- [Required work]: Of the entries below, restate word for word only the section that runs from the line with "Кукла шарнир.руки в" to the line with "Ключевой особенностью данной", counting both ends.

- [Records for this exercise]:
↓↓↓

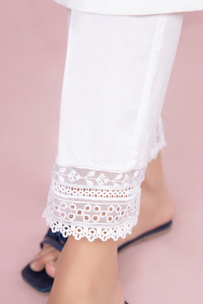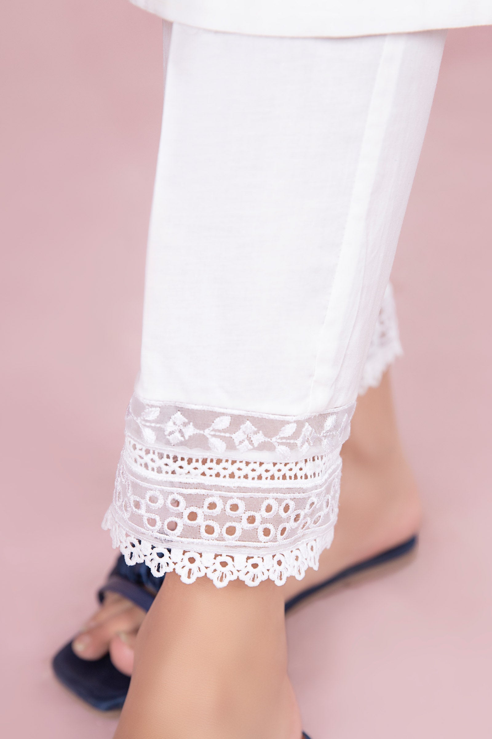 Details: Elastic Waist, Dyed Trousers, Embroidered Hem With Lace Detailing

↑↑↑
↓↓↓

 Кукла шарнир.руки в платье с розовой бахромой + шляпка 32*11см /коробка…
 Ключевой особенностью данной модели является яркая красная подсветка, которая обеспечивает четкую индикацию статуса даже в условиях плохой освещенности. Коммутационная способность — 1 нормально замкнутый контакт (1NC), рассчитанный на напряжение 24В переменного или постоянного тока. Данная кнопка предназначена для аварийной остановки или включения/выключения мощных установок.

↑↑↑

- [Result of this exercise]:
 Кукла шарнир.руки в платье с розовой бахромой + шляпка 32*11см /коробка…
 Ключевой особенностью данной модели является яркая красная подсветка, которая обеспечивает четкую индикацию статуса даже в условиях плохой освещенности. Коммутационная способность — 1 нормально замкнутый контакт (1NC), рассчитанный на напряжение 24В переменного или постоянного тока. Данная кнопка предназначена для аварийной остановки или включения/выключения мощных установок.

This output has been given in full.